“I love to play Katherine, from The Taming of the Shrew,” says Gloria Vivica Benavides, looking straight into the camera. “People say she’s feisty and opinionated. I want us all to be feisty and opinionated. I love it when women are pains in the ass.” A third of the way into Shakespeare Dallas’s new virtual production Shakespeare and the Suffragists, which commemorates the hundredth anniversary of the Nineteenth Amendment, Benavides is clad in full 1910s getup. She wears a ruffled white top with a long red skirt, and her hair is swirled into a loose Victorian bun—but in this scene, she’s breaking character and speaking as herself. “If you were to take me back four hundred years, I’d be angry too,” she continues. “I’m angry now with the roles that we’ve been assigned, as an American woman but doubly as a Latina, how pressured we feel to be feminine and beautiful, or else we have no value.”
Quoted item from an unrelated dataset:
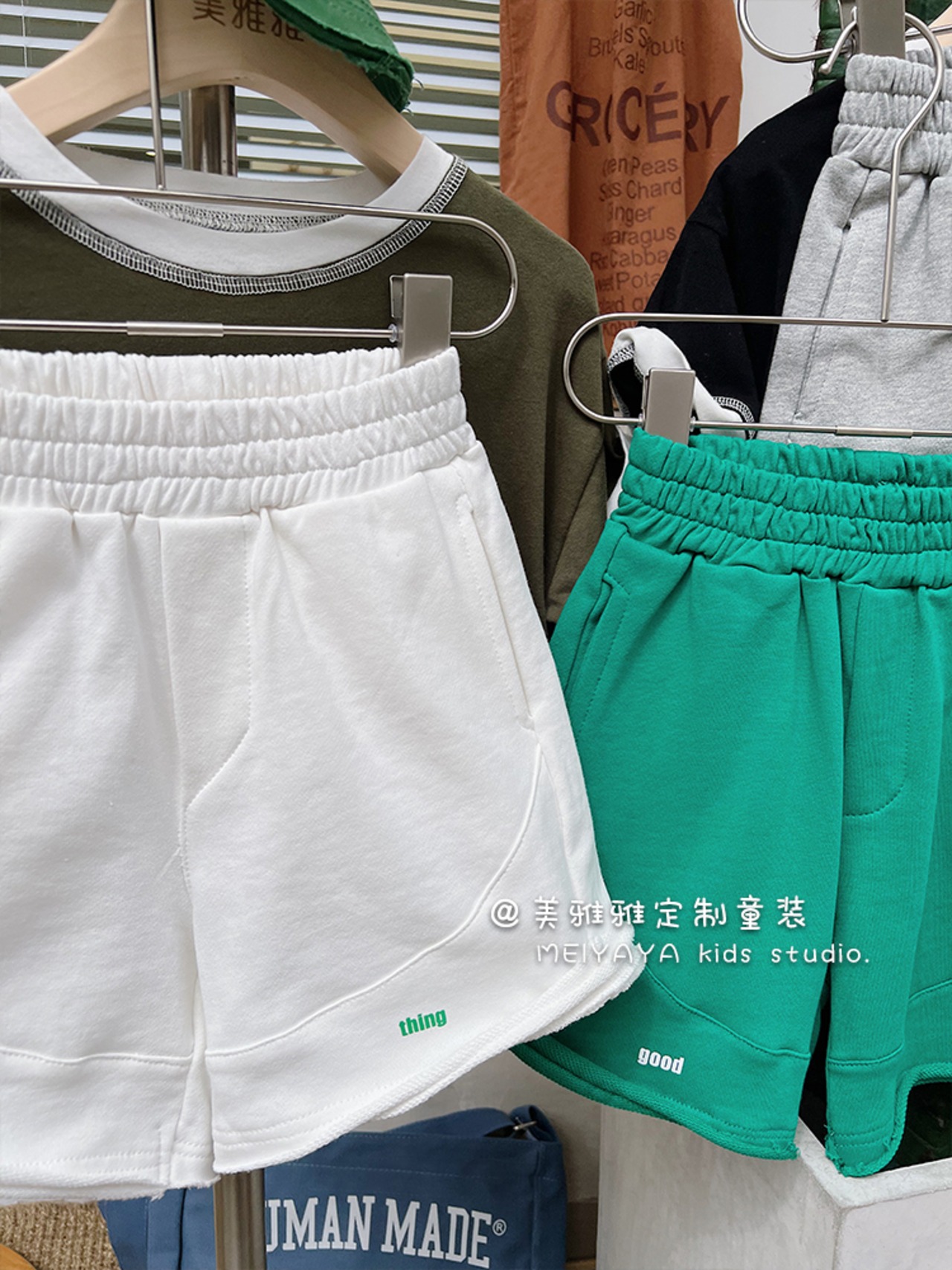 スタイルショーツ グリーンホワイトパンツ ビーチ ブルマー 4/12 春夏 SS 子供服 韓国風 mi0676082652691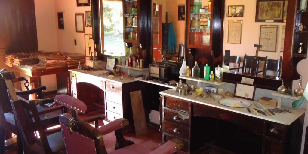 Uma antiga barbearia instalada no centro da cidade de Palmeira foi reconstituída no Sítio Minguinho, com objetos e utensílios originais.

The screen splits into four cells, and Benavides is joined by her three costars: Maryam Baig, Meagan Harris, and Stormi Demerson. Together they form a veritably Zoom-like Greek chorus of socially distanced suffragists. At the top left, Harris, sporting a short brunette bob and red lipstick, commiserates with the often-maligned heroine: “Kate’s a misfit in this world. She’s furious about either conforming to society’s standards or being labeled as a lunatic.” Demerson, from the lower left corner, chimes in: “She’s hard, but the world has made her hard, right? What does she have to lose?” Benavides, now at the bottom right, says, “So she tells him [Petruchio], ‘Go! Leave! Walk out that door!’ ”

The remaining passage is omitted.